Das Verwaltungsgericht Berlin hat die Nutzung von Wohnungen an der Wilhelmstraße als Ferienapartments für rechtmäßig erklärt. Es konnte dort keinen Beherbergungsbetrieb erkennen, den der Bezirk Mitte hätte untersagen können. Die Entscheidung macht deutlich, dass ein Zweckentfremdungsverbot notwendig ist, um die Umnutzung von Wohnungen einzudämmen.
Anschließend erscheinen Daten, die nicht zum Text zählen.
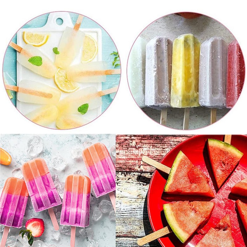 - | Sizes | - Total of 100 wooden ice sticks, 114 mm x 10 mm x 2 mm.

Offensichtlicher als in der Wilhelmstraße kann ein Beherbergungsbetrieb kaum sein: Die Apartments sind durchnummeriert und schon von außen an den einheitlichen Gardinen zu erkennen. Den Gästen werden Bettwäsche und Handtücher gestellt, und in der Behrenstraße gibt es eine Rezeption. Über 250 der 933 Wohnungen werden inzwischen von der „B.Ä.R. Grundstücksgesellschaft“ an Touristen vermietet. Die Mieter klagen seit Jahren über Gäste, die sich daneben benehmen, nachts lärmen und in den Treppenhäusern und Aufzügen Müll hinterlassen. Das Bezirksamt wollte deshalb der Eigentümerin die Vermietung an Touristen verbieten.
Gemäß der 2010 neugefassten Berliner Betriebsverordnung sei in der Wilhelmstraße 85 von einer Beherbergungsstätte auszugehen. Mithin gäbe es eine nicht genehmigte Nutzungsänderung, weil nach dem Bebauungsplan für dieses Grundstück nur eine Wohnnutzung zulässig sei.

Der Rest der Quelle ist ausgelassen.